Предполагается, что мамонтов обитало на Земле несколько десятков миллионов и их аппетиты были не более умеренными, чем у индийских слонов. Бизоны, занимавшие к концу XVIII столетия менее ограниченную территорию, чем мамонты в ледниковое
Благотворная деятельность бобров
Иные животные создают даже вокруг своих жилищ особый ландшафт, им наиболее благоприятный. Меняют даже климат. Местный, конечно. Климат своих, так сказать, окрестностей.
Бобры — очень деятельные звери, ни минуты не сидят без дела. Каналы, которые они роют, отводят воду с лесных болот. Болота высыхают, и там, где еще недавно клубились туманы над трясиной, зеленеет луговина. А в других местах, где бобры сооружают плотины, застойные воды заливают лощины, запруженные речки меняют свои течения. Вырастая на лесных протоках, некоторые бобровые плотины стоят по тысяче лет, и, следовательно, изменения, внесенные бобрами в местный ландшафт и климат, носят совсем не временный характер.
Вокруг плотин и созданных бобрами прудов повышается уровень грунтовых вод. На обводненных таким образом землях высокие и сочные травы — отличные пастбища для оленей!
Казалось бы, какое отношение имеет форель к бобрам?
Однако замечено, что в реках и ручьях, освоенных бобрами, водится больше форелей и всяких других рыб, чем в водоемах, где нет бобров. Вода приносит к плотинам много ила и мелких водяных животных. Плотины, как барьеры, препятствуют быстрому сносу их дальше вниз по реке. Кроме того, и ветки, принесенные бобрами в свои водоемы, делают их более кормными для рыб. И еще: застойная и неглубокая вода в прудах, сооруженных бобрами, лучше прогревается солнцем, теплее, чем в реках. Это способствует большей активности рыб, которые здесь быстрее растут и лучше выживают.

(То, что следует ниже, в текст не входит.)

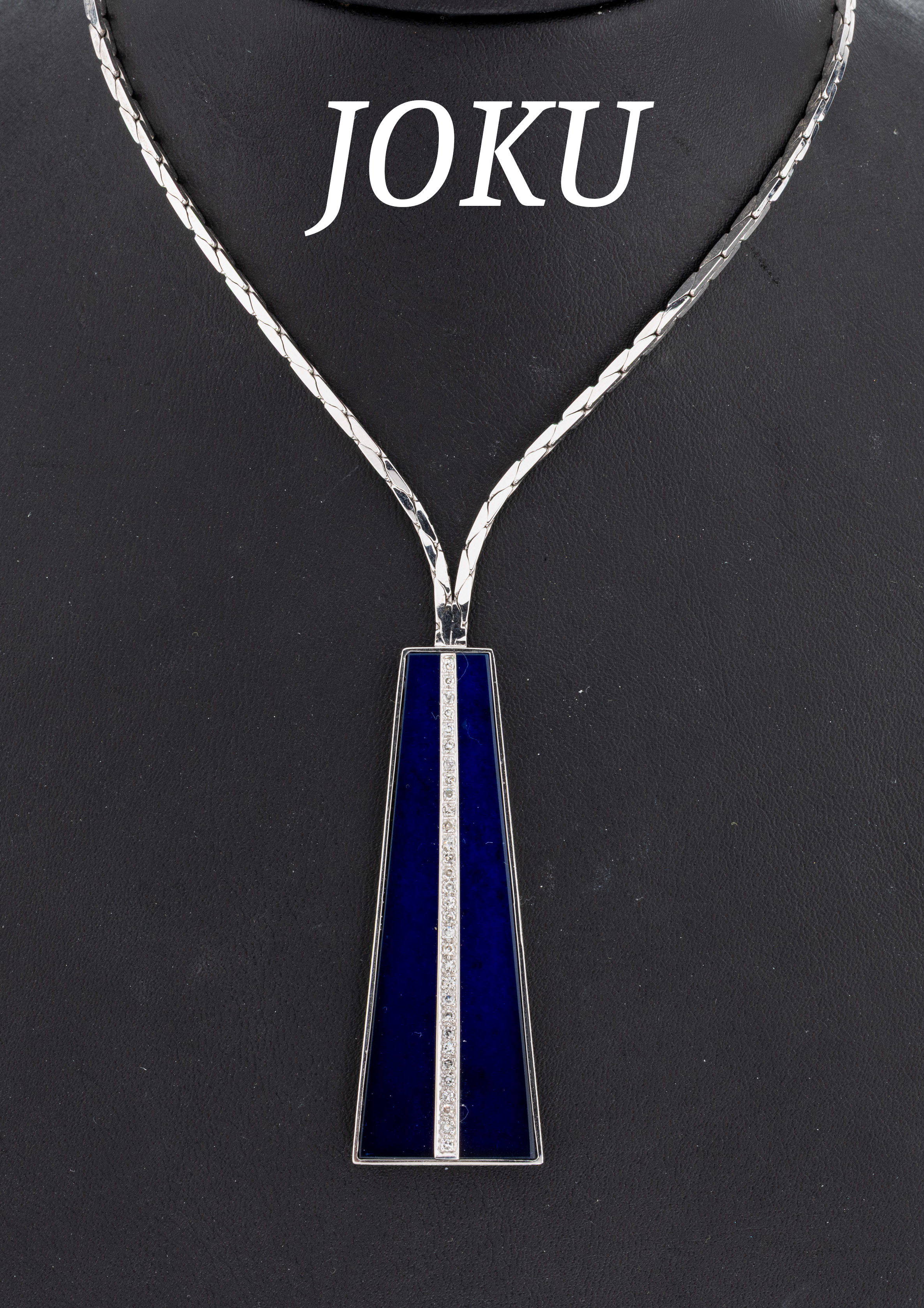 14 kt Gold Lapislazuli-Diamant-Collier, 1970erJahre, WG 585/000, eingeschliffene
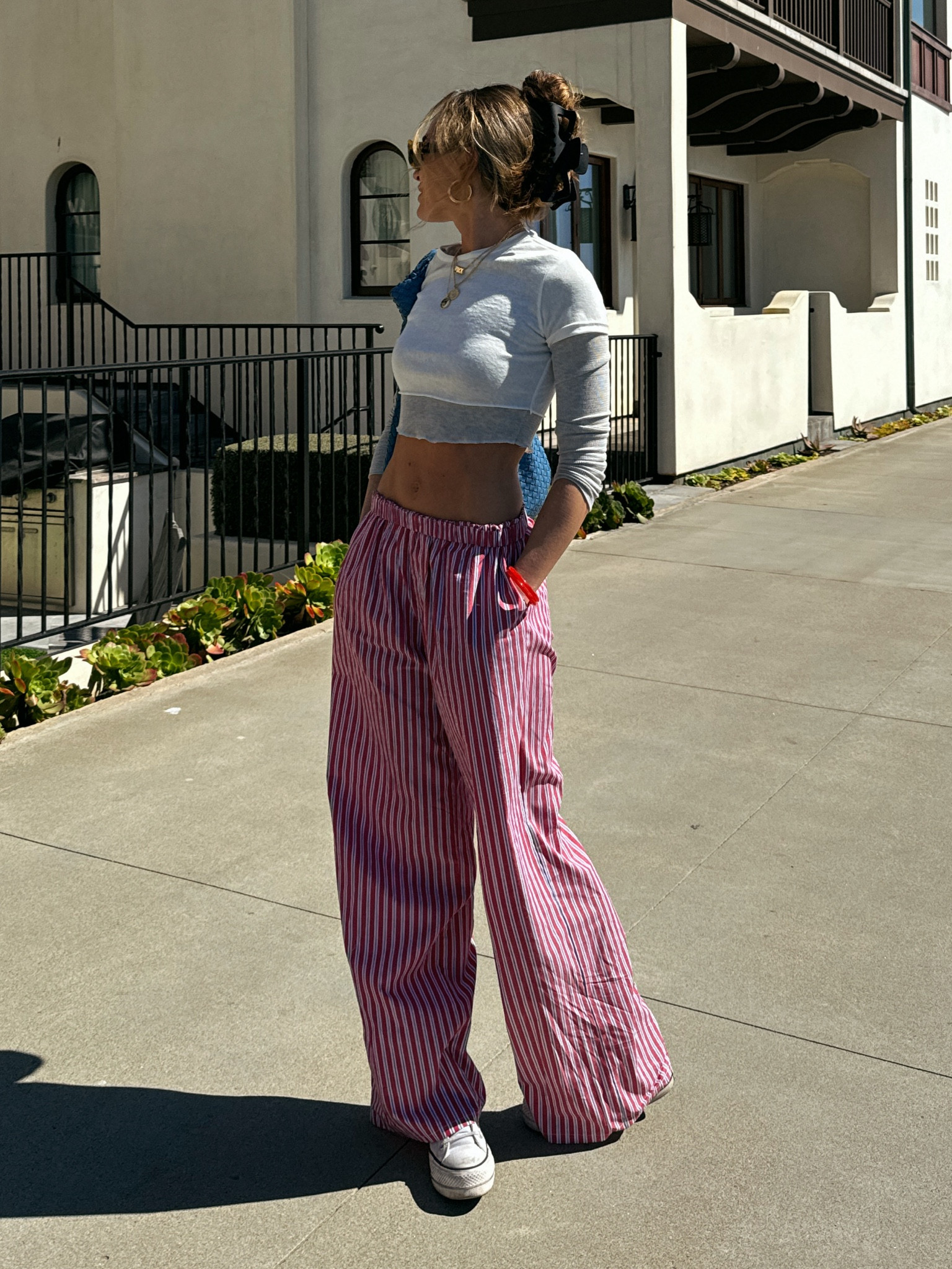 The high-waisted, striped pants create a bold statement with their wide-leg silhouette, offering both comfort and a flair of sophistication. The cropped top adds a playful touch, balancing the outfit with a modern, youthful edge that’s perfect for a casual, sunny day out.
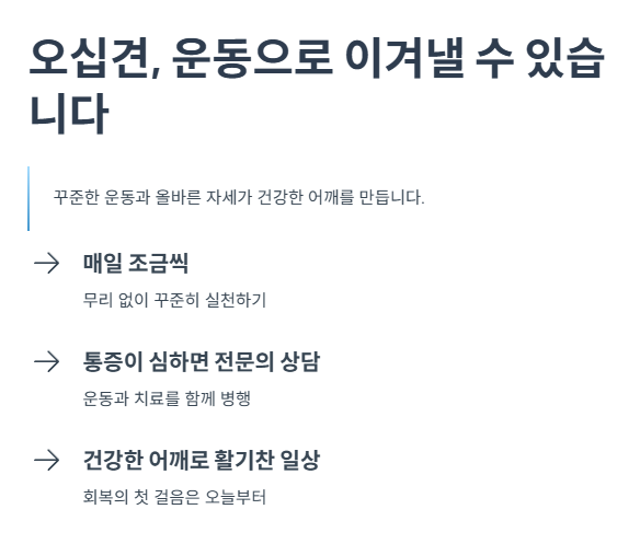 오십견은 일상 생활에 큰 불편을 초래할 수 있는 질환이지만, 적절한 운동을 통해 증상을 완화하고, 회복할 수 있습니다. 위에서 소개한 운동들은 어깨의 유연성을 높이고, 통증을 줄이며, 어깨의 가동 범위를 회복하는 데 효과적입니다. 중요한 점은 운동을 꾸준히 실천하는 것입니다. 운동을 통해 어깨를 강화하고 유연성을 높이면, 오십견을 예방하거나 치료할 수 있습니다. 만약 오십견 증상이 나타나면, 운동과 함께 전문적인 치료를 병행하는 것이 가장 좋은 방법입니다. 꾸준한 운동과 올바른 자세를 유지하여 건강한 어깨를 지키세요.
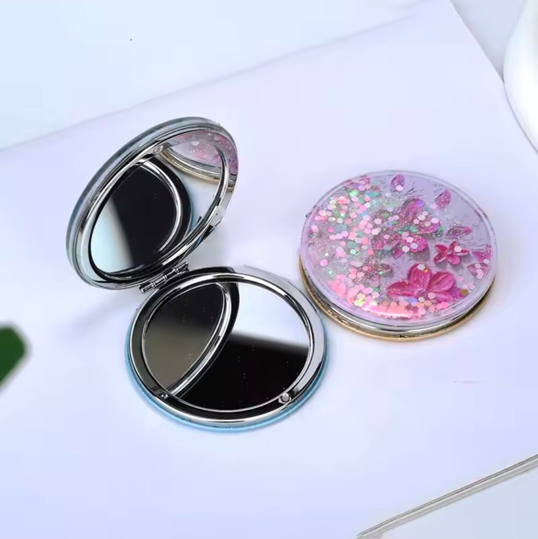 ¡Nunca pierdas tu estilo! Con este práctico espejo doble de bolsillo, siempre tendrás un diseño único y al azar en tu mano. Refleja tu personalidad con este accesorio. Te llegara un diseño al azar ✨️
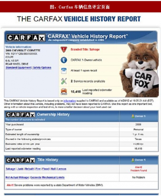 第三方中介方面,美国有许多专业服务公司为消费者和经销商提供车况信息、担保、保险、评估等服务。例如carfax,autocheck等等。carfax是一个公开、公正的车辆信息平台,是由ewinbarnettiii和robertdanielclark于1984年共同建立,目的是为了打击里程欺诈。carfax从10万个数据源中收集到超过170亿条数据记录,涵盖了车辆的保险、维修、事故等信息。消费者可以根据车辆vin码,查询车辆历史信息。通常查询一份报告的费用在1040美元/份不等。
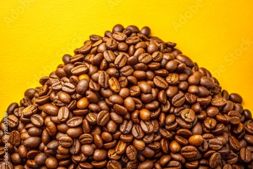 Fototapeta premium Vibrant yellow background highlights a mound of freshly roasted coffee beans,...
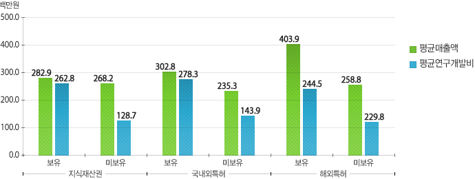 (현상3) 스타트업의 경영에 있어 사업의 성공을 1차적으로 제품 서비스의 판매를 통한 매출 실적이라고 봤을 때, 특허 등 지식재산을 보유하는 것 자체만으로 사업의 성공을 보장하는 것은 아님을 확인할 수 있음- (시사점) 특허 등 지식재산을 보유하고 있다고 해서 그 자체로 사업성이 좋아지는 것이 아님. 그러나 사업성이 있는 아이디어 및 기술력을 특허 등의 지식재산권으로 보호받을 수 있다면, 성공한 사업을 보호하는 수단으로 활용할 수 있으며, 자금투자 유치 등을 통해 기업의 성장가능성을 극대화 할 수 있음. 그러므로 스타트업들은 우수한 지식재산권을 적시에 확보하는데 지속적인 투자를 해야 함

«Это был Мелдрам-Крик — ручей, куда в те времена, когда бабушка Лилиан — индианка — была ребенком, приходили утолять жажду стада оленей, где шлепали своими хвостами бобры, а форель выскакивала из воды в погоне за мухами, где тысячи уток и гусей копошились среди прибрежных зарослей. Но теперь вода застоялась, а кое-где и вовсе исчезла. Огонь сметал лес с лица земли, деревья уже были мертвы, и, наблюдая с безопасной точки на холме за агонией всего окружающего, я думал лишь о том, что этот край умирает и что нет никого, кто бы мог его спасти» (Эрик Кольер).
Он забыл, точнее, он тогда еще не знал, что цветущий край погибает оттого, что здесь истребили всех бобров, и что только бобры могут его спасти.

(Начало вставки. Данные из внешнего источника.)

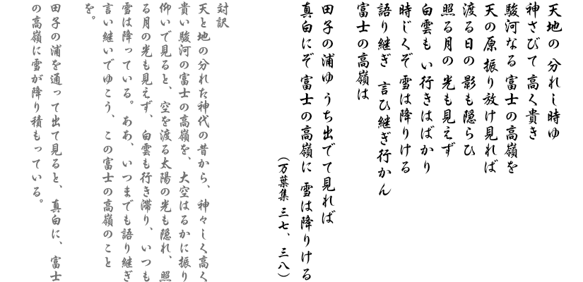 富士山の麓にある駿河の国には、その山から生ずる清らかな湧き水により、豊かな農作物の稔りがあった。その国に住む一人の若い男が、毎晩 険しい峠を越えて、隣の集落(地区)に住む恋人の家に通っていた。やがて二人は結婚し、子供も生まれた。ところが、朝鮮半島で戦争が勃発すると、そこに縁の深い駿河の大王は、自ら防人(兵士)を率いて、戦地に赴くことになった。駿河の大王は、一万人もの防人を徴発(動員)したが、その峠を越えていった若い男も徴発された。見知らぬ国に旅立つことになった その若い男は、父母に別れの挨拶として和歌を詠み(作り)、最後に 最愛の妻と二人で眺めた富士山の歌を詠んで、故郷に別れを告げた。
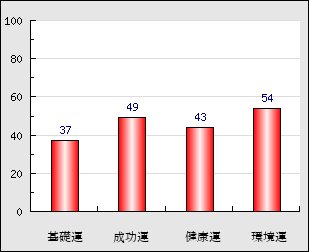 環境運 家庭や職場等での援助運・環境運を司ります。これが良いと配偶者や子供・職場の同僚などから助力が得られやすく、悪いと波乱・不和・孤独などがあります。 54点
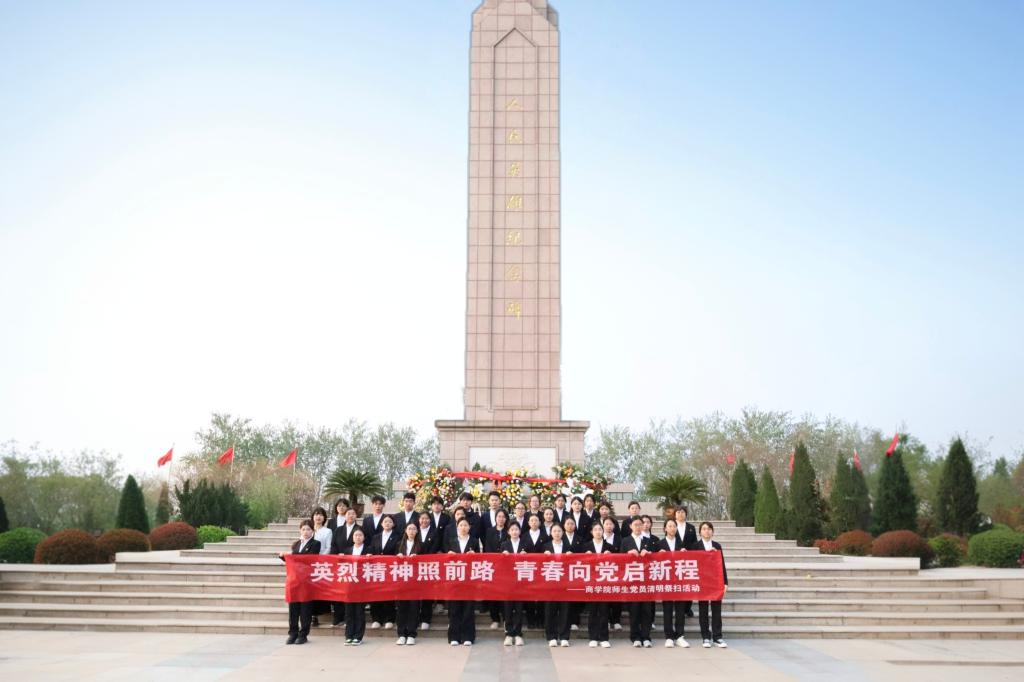 4月1日,商学院组织50余名师生党员及学生代表赴德州市革命烈士陵园,开展“英烈精神照前路·青春向党启新程”清明祭扫活动,以沉浸式红色教育厚植家国情怀,凝聚商科青年奋进力量。
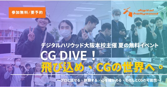 IT関連及びデジタルコンテンツの人材育成スクール[デジタルハリウッド] (運営会社:デジタルハリウッド株式会社、本社/本校:東京都千代田区、代表取締役社長兼CEO:春名啓紀、学長:杉山知之)の大阪本校では、CG・映像・ゲームなどクリエイティブ業界を目指す方に向けて、特別なCG無料体験イベント「CG DIVE!飛び込め、CGの世界へ。~プロと話せる、体験する、心を確かめる、わたしとCGの可能性~」を今夏に開催します。
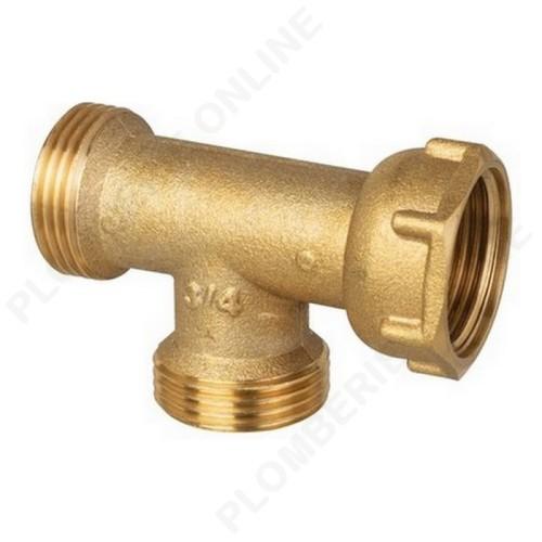 Té en laiton avec écrou central 3/4 MM, idéal pour les montages de plomberie nécessitant un raccord fiable et démontable. Excellente résistance et longévité.
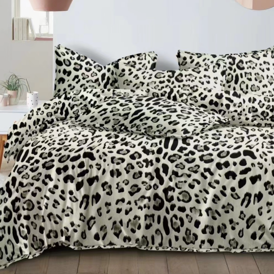 - Komplet beżowej pościeli 160x200 skład: 100% mikrowłókno dwustronna poszewka na kołdrę i 2 x poszewka na poduszkę 70x80, prześcieradło 180x230, pościel w panterę, zwierzęcy wzór

Мелдрам-Крик Эрик Кольер увидел впервые в 1922 году и с тех пор не находил себе покоя. Его не влекли ни города, ни возделанные поля, он мечтал о том, чтобы поселиться и жить в диком краю.

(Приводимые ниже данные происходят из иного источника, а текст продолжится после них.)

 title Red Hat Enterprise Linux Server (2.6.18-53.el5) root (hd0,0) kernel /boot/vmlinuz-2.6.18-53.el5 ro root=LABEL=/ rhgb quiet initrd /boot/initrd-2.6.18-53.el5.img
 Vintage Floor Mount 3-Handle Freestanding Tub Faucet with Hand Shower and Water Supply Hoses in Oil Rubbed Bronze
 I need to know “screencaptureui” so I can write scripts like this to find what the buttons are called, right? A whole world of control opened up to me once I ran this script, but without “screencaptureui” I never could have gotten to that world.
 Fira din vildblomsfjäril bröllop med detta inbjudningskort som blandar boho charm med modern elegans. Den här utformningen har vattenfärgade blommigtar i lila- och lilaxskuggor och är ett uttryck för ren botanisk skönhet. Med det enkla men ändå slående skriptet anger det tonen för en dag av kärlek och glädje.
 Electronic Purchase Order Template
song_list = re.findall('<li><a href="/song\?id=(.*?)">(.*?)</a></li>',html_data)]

И вот с женой и малолетним сыном Эрик Кольер приехал на лошадях в Мелдрам-Крик (Британская Колумбия), построил здесь дом и прожил в нем 30 лет.
Но когда он там поселился, это был совсем иной край, чем во времена бабушки его жены Лилиан. Бобров истребили. Вода ушла. Лишь кое-где вонючие лужи, заваленные гниющими растениями, привлекали на водопой редких в те годы оленей. Не было уже великого множества уток и гусей. Исчезла ондатра, мало было рыбы в уцелевших водоемах. В общем чувствовалась «агония всего окружающего».